Well, that was three years ago. How quickly time flies!
The past three years have been an amazing time for us. At birth, Little Edison arrived in this world with an enquiring mind, ready to discover and explore. We help this process along by providing him with love, attention and care.
From a baby who spends much of his day either feeding or sleeping, he has blossomed into an assertive toddler with growing sense of independence. He continues to develop at an impressive rate with a thirst for knowledge that is insatiable.
For the next three years, he will continue to move at an astounding pace into his pre-school years. He will face many challenges along the way, but that’s part of his growing up. He will acquire knowledge and skills through his own efforts.
When I look at him now, there are just no words to describe how much I love him. He is more important than anything else in this world.
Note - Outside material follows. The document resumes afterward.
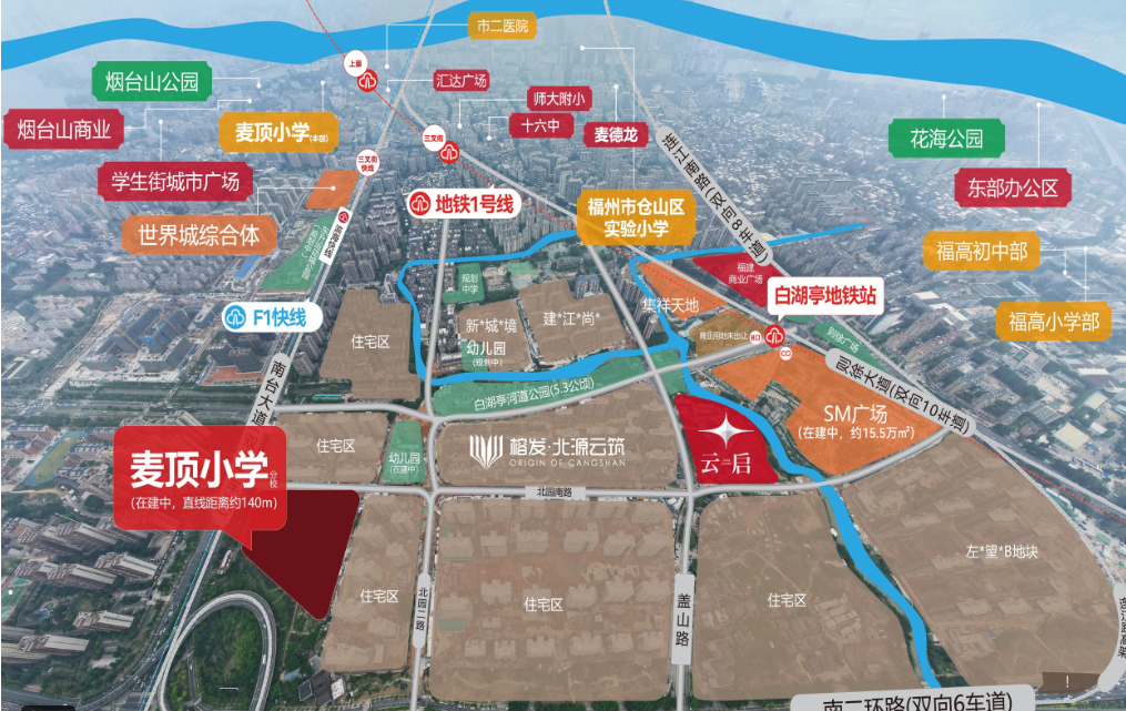 榕发云启位于仓山老仓山板块,具体位置在仓山区盖山路迎宾苑北侧。这一区位优势使得项目周边交通网络发达,生活配套成熟。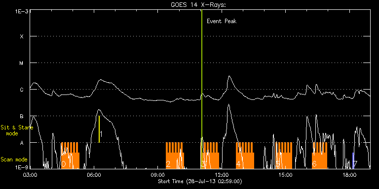 EIS Observation timeline overlay to GOES-Xray curve Code 1" 2" 40" 266" EIS Observations list for this event: STUDY ACRONYM ID DATE OBSERVED DESCRIPTION NOAA# TARGET 0 HH_Flare_162x152 | 35276 | 2013/07/28 04:27:26 | AR and Flare Observation | 1800 | Flare TIMELINE ID DATE OBSERVED FITS FILE XCEN (+W/-E) YCEN (+N/-S) DUR ----------------------------------------------------------------------------------------------------------------- 35276 | 2013/07/28 04:27:26.000 | eis_l0_20130728_042726.fits.gz | 801.01 | -205.51 | 4m10s 35276 | 2013/07/28 04:31:39.000 | eis_l0_20130728_043139.fits.gz | 801.40 | -205.51 | 4m11s 35276 | 2013/07/28 04:35:53.000 | eis_l0_20130728_043553.fits.gz | 801.78 | -205.51 | 4m10s 35276 | 2013/07/28 04:40:06.000 | eis_l0_20130728_044006.fits.gz | 802.02 | -205.44 | 4m11s 35276 | 2013/07/28 04:44:20.000 | eis_l0_20130728_044420.fits.gz | 802.33 | -205.36 | 4m10s 35276 | 2013/07/28 04:48:33.000 | eis_l0_20130728_044833.fits.gz | 802.63 | -205.28 | 4m10s 35276 | 2013/07/28 04:52:46.000 | eis_l0_20130728_045246.fits.gz | 803.10 | -205.36 | 4m11s 35276 | 2013/07/28 04:57:00.000 | eis_l0_20130728_045700.fits.gz | 803.25 | -205.28 | 4m10s 35276 | 2013/07/28 05:01:13.000 | eis_l0_20130728_050113.fits.gz | 803.56 | -205.13 | 4m11s 35276 | 2013/07/28 05:05:27.000 | eis_l0_20130728_050527.fits.gz | 803.95 | -205.13 | 4m10s 35276 | 2013/07/28 05:09:40.000 | eis_l0_20130728_050940.fits.gz | 804.26 | -204.97 | 4m11s 35276 | 2013/07/28 05:13:54.000 | eis_l0_20130728_051354.fits.gz | 804.64 | -204.97 | 4m10s 1 XRT_synop_AIA | 35278 | 2013/07/28 06:14:21 | synop | 1801 | Quiet Sun TIMELINE ID DATE OBSERVED FITS FILE XCEN (+W/-E) YCEN (+N/-S) DUR ----------------------------------------------------------------------------------------------------------------- 35278 | 2013/07/28 06:14:21.000 | eis_l0_20130728_061421.fits.gz | -132.49 | -0.50 | 10s 2 HH_Flare_162x152 | 35279 | 2013/07/28 09:22:34 | AR and Flare Observation | 1800 | Flare TIMELINE ID DATE OBSERVED FITS FILE XCEN (+W/-E) YCEN (+N/-S) DUR ----------------------------------------------------------------------------------------------------------------- 35279 | 2013/07/28 09:22:34.000 | eis_l0_20130728_092234.fits.gz | 822.64 | -201.88 | 4m11s 35279 | 2013/07/28 09:26:48.000 | eis_l0_20130728_092648.fits.gz | 823.03 | -201.81 | 4m10s 35279 | 2013/07/28 09:31:01.000 | eis_l0_20130728_093101.fits.gz | 823.34 | -201.88 | 4m11s 35279 | 2013/07/28 09:35:15.000 | eis_l0_20130728_093515.fits.gz | 823.57 | -201.96 | 4m10s 35279 | 2013/07/28 09:39:28.000 | eis_l0_20130728_093928.fits.gz | 823.88 | -201.88 | 4m10s 35279 | 2013/07/28 09:43:41.000 | eis_l0_20130728_094341.fits.gz | 824.26 | -201.81 | 4m11s 35279 | 2013/07/28 09:47:55.000 | eis_l0_20130728_094755.fits.gz | 824.42 | -201.73 | 4m10s 35279 | 2013/07/28 09:52:08.000 | eis_l0_20130728_095208.fits.gz | 824.65 | -201.58 | 4m11s 35279 | 2013/07/28 09:56:22.000 | eis_l0_20130728_095622.fits.gz | 825.04 | -201.65 | 4m10s 35279 | 2013/07/28 10:00:35.000 | eis_l0_20130728_100035.fits.gz | 825.42 | -201.58 | 4m11s 35279 | 2013/07/28 10:04:48.000 | eis_l0_20130728_100448.fits.gz | 825.73 | -201.50 | 4m11s 35279 | 2013/07/28 10:09:02.000 | eis_l0_20130728_100902.fits.gz | 825.96 | -201.42 | 4m10s 3 HH_Flare_162x152 | 35280 | 2013/07/28 11:01:04 | AR and Flare Observation | 1800 | Flare TIMELINE ID DATE OBSERVED FITS FILE XCEN (+W/-E) YCEN (+N/-S) DUR ----------------------------------------------------------------------------------------------------------------- 35280 | 2013/07/28 11:01:04.000 | eis_l0_20130728_110104.fits.gz | 829.52 | -200.65 | 4m10s 35280 | 2013/07/28 11:05:17.000 | eis_l0_20130728_110517.fits.gz | 829.83 | -200.80 | 4m11s 35280 | 2013/07/28 11:09:31.000 | eis_l0_20130728_110931.fits.gz | 830.06 | -200.65 | 4m10s 35280 | 2013/07/28 11:13:44.000 | eis_l0_20130728_111344.fits.gz | 830.37 | -200.73 | 4m10s 35280 | 2013/07/28 11:17:57.000 | eis_l0_20130728_111757.fits.gz | 830.67 | -200.57 | 4m11s 35280 | 2013/07/28 11:22:11.000 | eis_l0_20130728_112211.fits.gz | 830.98 | -200.42 | 4m10s 35280 | 2013/07/28 11:26:24.000 | eis_l0_20130728_112624.fits.gz | 831.22 | -200.57 | 4m11s 35280 | 2013/07/28 11:30:37.000 | eis_l0_20130728_113037.fits.gz | 831.37 | -200.34 | 4m11s 35280 | 2013/07/28 11:34:51.000 | eis_l0_20130728_113451.fits.gz | 831.68 | -200.34 | 4m10s 35280 | 2013/07/28 11:39:04.000 | eis_l0_20130728_113904.fits.gz | 832.07 | -200.34 | 4m11s 35280 | 2013/07/28 11:43:18.000 | eis_l0_20130728_114318.fits.gz | 832.45 | -200.42 | 4m10s 35280 | 2013/07/28 11:47:31.000 | eis_l0_20130728_114731.fits.gz | 832.61 | -200.26 | 4m11s 4 HH_Flare_162x152 | 35281 | 2013/07/28 12:40:24 | AR and Flare Observation | 1800 | Flare TIMELINE ID DATE OBSERVED FITS FILE XCEN (+W/-E) YCEN (+N/-S) DUR ----------------------------------------------------------------------------------------------------------------- 35281 | 2013/07/28 12:40:24.000 | eis_l0_20130728_124024.fits.gz | 836.08 | -199.49 | 4m10s 35281 | 2013/07/28 12:44:37.000 | eis_l0_20130728_124437.fits.gz | 836.47 | -199.41 | 4m10s 35281 | 2013/07/28 12:48:50.000 | eis_l0_20130728_124850.fits.gz | 836.70 | -199.49 | 4m11s 35281 | 2013/07/28 12:53:04.000 | eis_l0_20130728_125304.fits.gz | 837.01 | -199.26 | 4m10s 35281 | 2013/07/28 12:57:17.000 | eis_l0_20130728_125717.fits.gz | 837.24 | -199.34 | 4m11s 35281 | 2013/07/28 13:01:31.000 | eis_l0_20130728_130131.fits.gz | 837.55 | -199.26 | 4m10s 35281 | 2013/07/28 13:05:44.000 | eis_l0_20130728_130544.fits.gz | 837.86 | -199.26 | 4m11s 35281 | 2013/07/28 13:09:58.000 | eis_l0_20130728_130958.fits.gz | 838.09 | -199.10 | 4m10s 35281 | 2013/07/28 13:14:11.000 | eis_l0_20130728_131411.fits.gz | 838.40 | -199.03 | 4m11s 35281 | 2013/07/28 13:18:24.000 | eis_l0_20130728_131824.fits.gz | 838.71 | -199.03 | 4m11s 35281 | 2013/07/28 13:22:38.000 | eis_l0_20130728_132238.fits.gz | 838.86 | -199.03 | 4m10s 35281 | 2013/07/28 13:26:51.000 | eis_l0_20130728_132651.fits.gz | 839.17 | -198.87

At times, I really feel that I don’t want to have another baby because I want to give him all my love and attention. I don’t want to plunge into another pregnancy until I’m financially ready to quit my job and stay at home with my baby. I don’t want Little Edison to feel deprived when I have to send him to the childcare. I can’t bear the thought of my boy being neglected and deprived of attention in the childcare.
(I’m sorry if I sounded too negative about childcare centers. It’s all due to my past bad experiences.)
Little Edison, Mommy loves you always and forever!